SOURCE DATA →
________________________
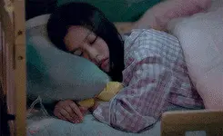 Barbie Rapunzel sleeps peacefully on a purple pillow, her blonde hair braided and a gentle smile on her face.
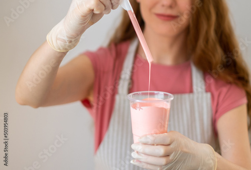 Fluid art technique. Female artist works on abstract fluid art painting, mixing acrylic colors. Painter in process create artwork in an art studio. High quality photo.
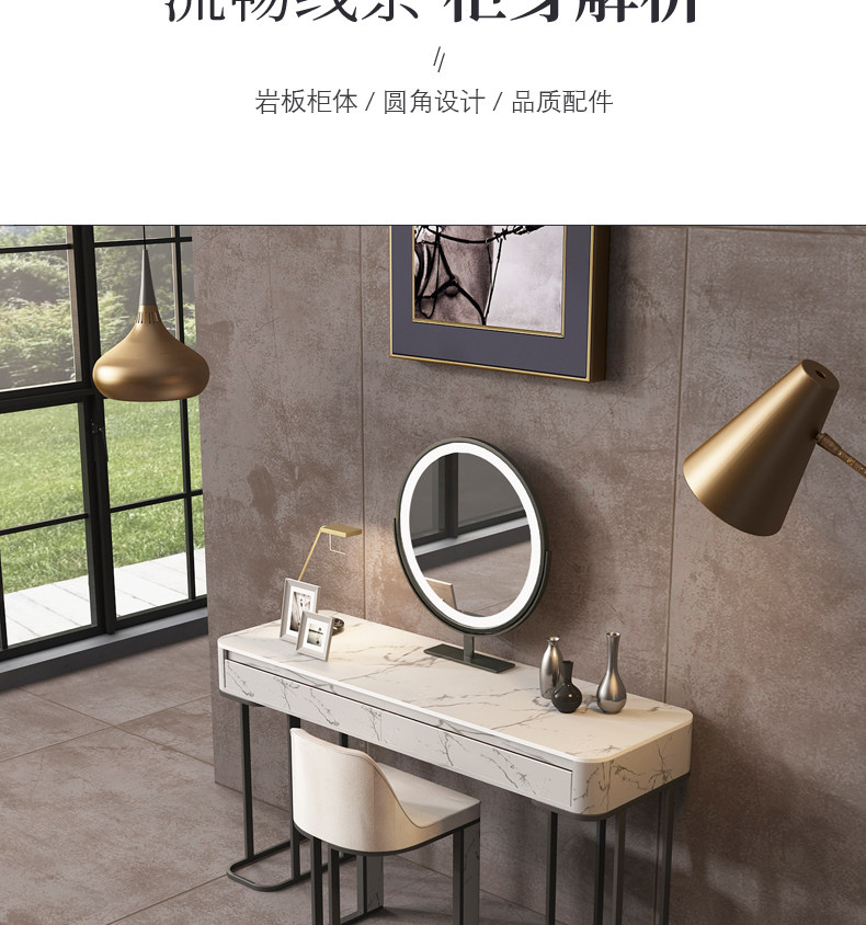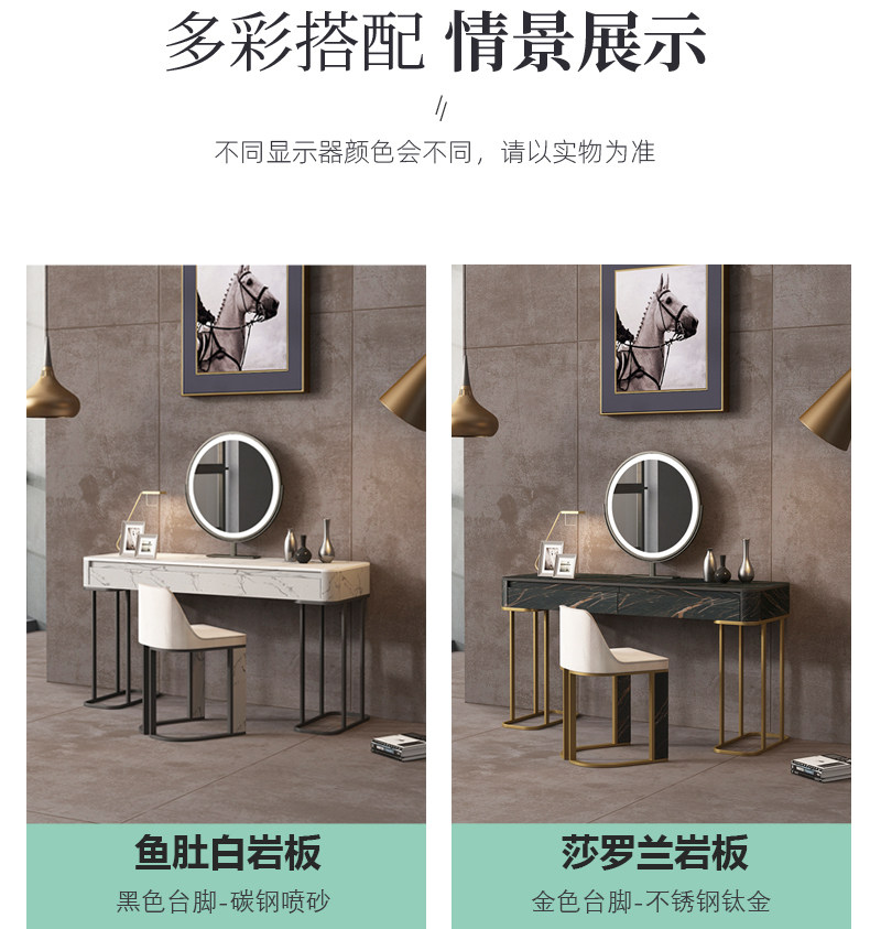 High-grade makeup table Light luxury rock plate net red bedroom Italian ins wind Marble Photo studio makeup table LED with lights
________________________
HOW TO COMPLETE THIS TASK →
Each line above is to be copied verbatim. Drop any image from the copy.

RESPONSE AREA →
 Barbie Rapunzel sleeps peacefully on a purple pillow, her blonde hair braided and a gentle smile on her face.
 Fluid art technique. Female artist works on abstract fluid art painting, mixing acrylic colors. Painter in process create artwork in an art studio. High quality photo.
 High-grade makeup table Light luxury rock plate net red bedroom Italian ins wind Marble Photo studio makeup table LED with lights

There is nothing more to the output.